Various control signals may also be provided to the data sink 662
for L3 processing. The controller/processor 659 is also responsible
for error detection using an acknowledgement (ACK) and/or negative
acknowledgement (NACK) protocol to support HARQ operations.
[0059] In the UL, a data source 667 is used to provide upper layer
packets to the controller/processor 659. The data source 667
represents all protocol layers above the L2 layer. Similar to the
functionality described in connection with the DL transmission by
the eNB 610, the controller/processor 659 implements the L2 layer
for the user plane and the control plane by providing header
compression, ciphering, packet segmentation and reordering, and
multiplexing between logical and transport channels based on radio
resource allocations by the eNB 610. The controller/processor 659
is also responsible for HARQ operations, retransmission of lost
packets, and signaling to the eNB 610.
[0060] Channel estimates derived by a channel estimator 658 from a
reference signal or feedback transmitted by the eNB 610 may be used
by the TX processor 668 to select the appropriate coding and
modulation schemes, and to facilitate spatial processing.

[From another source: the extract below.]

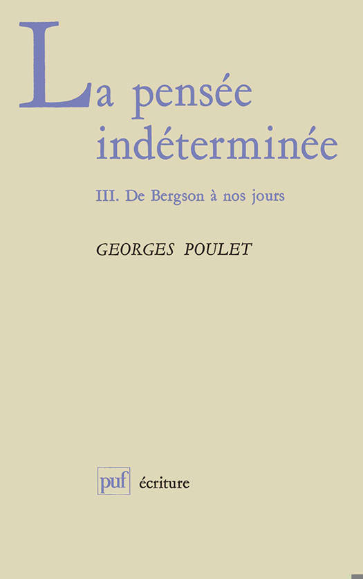 Ce livre est le troisième du triptyque qui constitue La pensée indéterminée, il est consacré au XXe siècle. Comme dans les deux volumes précédents, Georges Poulet cherche à y dégager chez tous les auteurs étudiés, qu’ils soient romanciers, poètes, critiques, essayistes, et quelle que soit la variété de leurs expériences, un caractère commun, celui de l’indétermination. Il s’agit d’analyser ces moments où se perçoit l’être profond, en deçà de toutes les déterminations particulières.

The
spatial streams generated by the TX processor 668 are provided to
different antenna 652 via separate transmitters 654TX. Each
transmitter 654TX modulates an RF carrier with a respective spatial
stream for transmission.
[0061] The UL transmission is processed at the eNB 610 in a manner
similar to that described in connection with the receiver function
at the UE 650. Each receiver 618RX receives a signal through its
respective antenna 620. Each receiver 618RX recovers information
modulated onto an RF carrier and provides the information to a RX
processor 670. The RX processor 670 may implement the L1 layer.
[0062] The controller/processor 675 implements the L2 layer. The
controller/processor 675 can be associated with a memory 676 that
stores program codes and data. The memory 676 may be referred to as
a computer-readable medium. In the UL, the control/processor 675
provides demultiplexing between transport and logical channels,
packet reassembly, deciphering, header decompression, control
signal processing to recover upper layer packets from the UE 650.
Upper layer packets from the controller/processor 675 may be
provided to the core network. The controller/processor 675 is also
responsible for error detection using an ACK and/or NACK protocol
to support HARQ operations.
Example Interference Mitigation
[0063] Flexible DL/UL configuration is generally regarded as one
efficient way to fully utilize TDD spectrum and is being addressed
in 3GPP enhanced interference mitigation and traffic adaptation
(eIMTA) SI/WI. FIG. 7 illustrates how different subframe
configurations (Configuration 1 (702) and Configuration 2 (704))
may be used at different times, depending on DL/UL traffic loading.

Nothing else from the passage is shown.